Society in general can make it appear as if there are "right" ways to communicate or use one's voice in order to be likable or desirable as a person. The more these particular, often stereotypical styles are propped up by society, the more insecure it can make people feel whose style doesn't reflect these. However, in reality, there is no right way to harness your voice. Think for a moment of the many different ways you've seen people talk. Finding your own voice and sense of self and becoming able to trust yourself leads to confidence and increases self-esteem.

As you become more aware of your communication style, you’ll find it easier to be assertive. This self-awareness allows you to engage in more meaningful interactions. I know it's cliche to say, "don’t be afraid to be yourself," but authenticity is actually central to forming genuine connections and navigating interactions.

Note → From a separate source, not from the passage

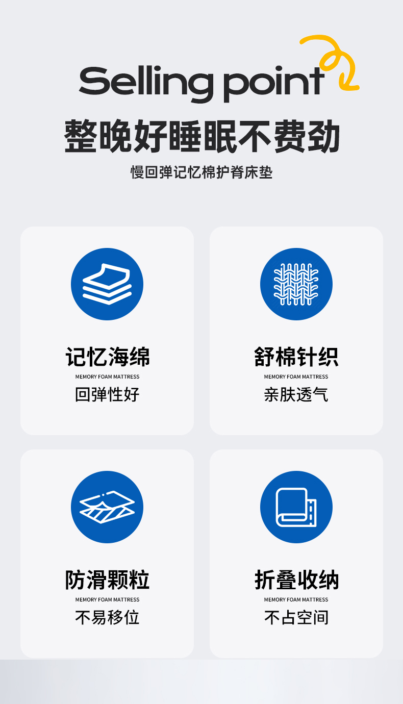 (总)富旺家纺 2026春夏新款零压力记忆棉床垫,纯白,浅灰

If you're not sure of your own voice or communication style, this can lead to increased anxiety because you may feel lost in interactions, trying to think of what people want to hear you say, or what others might say, instead of your own authenticity.

Finding Your Voice and Moving Forward

Low-self esteem can develop for many different reasons. Perhaps from trauma such as being bullied, rejected, raised by parents with low self-esteem, toxic work or home environments, and any number of life experiences. If you struggle with low self-worth, with communication, or have difficulty forming relationships, it's important to remember that many people share similar experiences.

The starting point for moving forward is to work through your own experiences that are bolstering your lowered sense of self, and to develop a sense of empathy for yourself as you build towards understanding and embracing yourself. As you continue to develop confidence and assertiveness you'll likely notice social interactions becoming more smooth and less daunting. Therapy is a good place to work through low self-esteem, find your voice, sense of self, and communication style.